Barney Gibson

Personal information
- Full name: Barney Peter Gibson
- Born: 31 March 1996 (age 30) Leeds, West Yorkshire, England
- Batting: Right-handed
- Role: Wicket-keeper

Domestic team information
- 2011: Yorkshire
- Only First-class: 27 April 2011 Yorkshire v Durham MCCU

Career statistics
| Competition | First-class |
| Matches | 1 |
| Runs scored | 1 |
| Batting average | – |
| 100s/50s | 0/0 |
| Top score | 1* |
| Catches/stumpings | 6/0 |
- Source: CricketArchive, 3 April 2015

= Barney Gibson =

English cricketer

Barney Peter Gibson (born 31 March 1996) is a former English cricketer who played as a wicket-keeper for Yorkshire. He is the youngest cricketer to play first-class cricket in England making his debut for Yorkshire in April 2011 aged 15 years and 27 days.

==Early life==
Gibson was born in Leeds, England and attended Crawshaw School in Pudsey. Before making his first-class debut, he represented Yorkshire County Cricket Club at Under-11, Under-12 and Under-13 levels. He had also played at schoolboy level for Leeds United, whose books he had been on between the ages of eight and twelve, before giving up football to concentrate on cricket.

==Playing career==

===Club cricket===
Gibson plays his club cricket for Bradford Cricket League side Pudsey Congs, becoming the first team wicket-keeper at the age of 14.

===First-class career===
Gibson made his debut for Yorkshire in a three-day match against the Durham MCC University (Durham MCCU) on 27 April 2011 at the age of 15 years, 27 days beating the previous record held for 144 years by Charles Young who had represented Hampshire at the age of 15 years, 131 days in 1867. He was selected ahead of Jonny Bairstow and Gerard Brophy, the two first-choice wicket-keepers, who were rested by Yorkshire. To make his debut, his school gave him permission to miss lessons.
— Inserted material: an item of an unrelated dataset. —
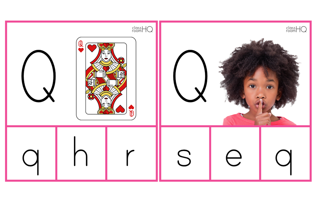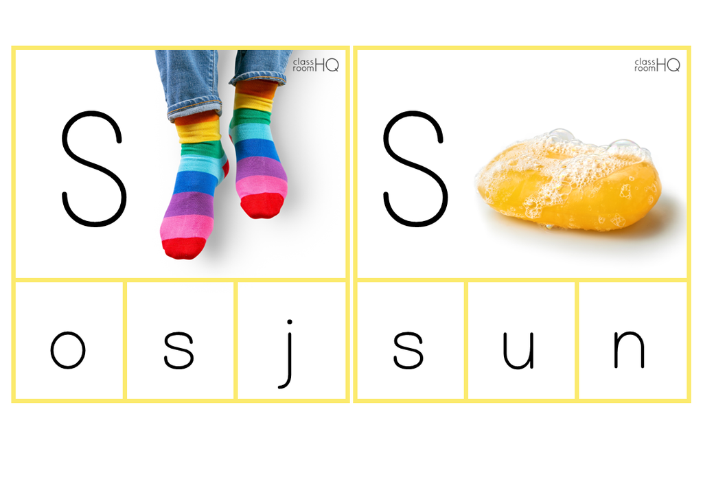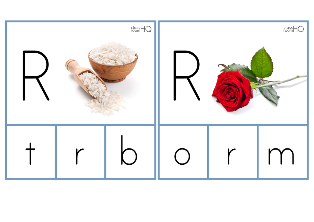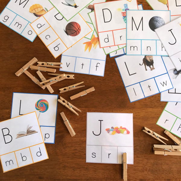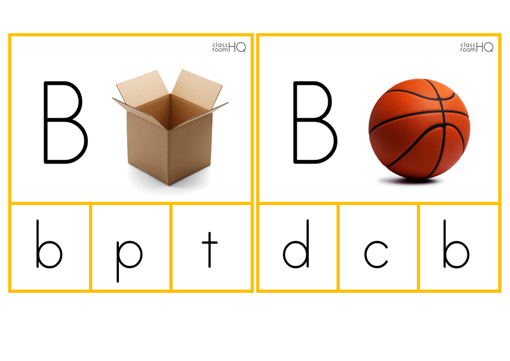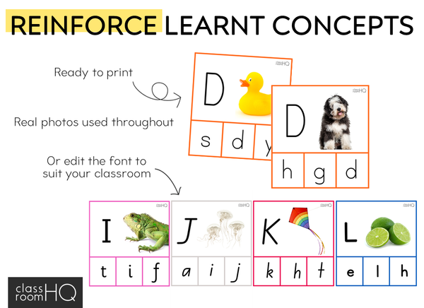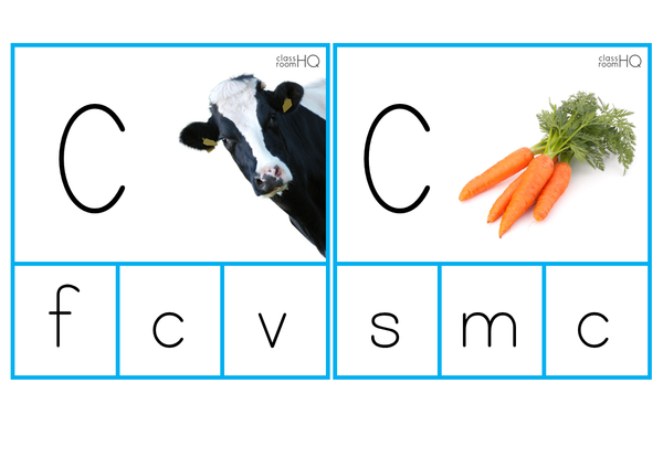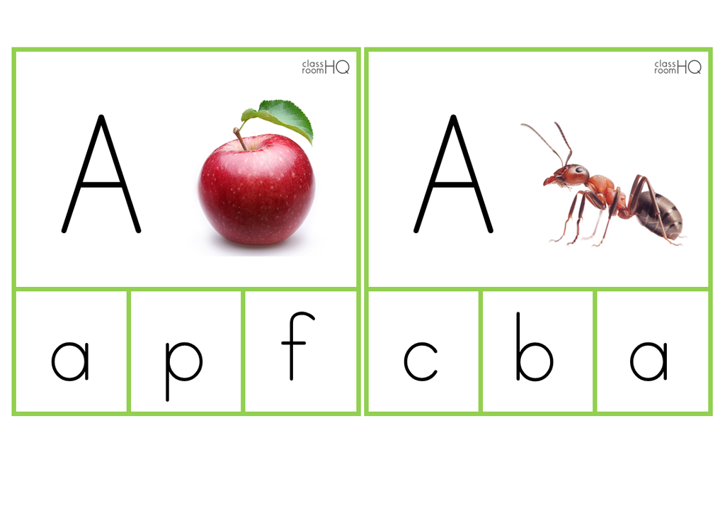 • 150+ different cards (multiple cards for every letter of the alphabet) displaying upper case letter, real life photo of something beginning with the same initial letter sound and three lower case letters to choose between and match - 2 cards per page

Gibson was glad to avoid school that day, stating:

I was supposed to have triple science, double Maths and RE. They have sent me up here with some homework to do though.

He made two catches in the first innings and four in the second innings of his debut match, two each off the bowling of Oliver Hannon-Dalby, David Wainwright and Ajmal Shahzad.

On 3 April 2015, it was announced that Gibson had left Yorkshire and retired from cricket to pursue other career options.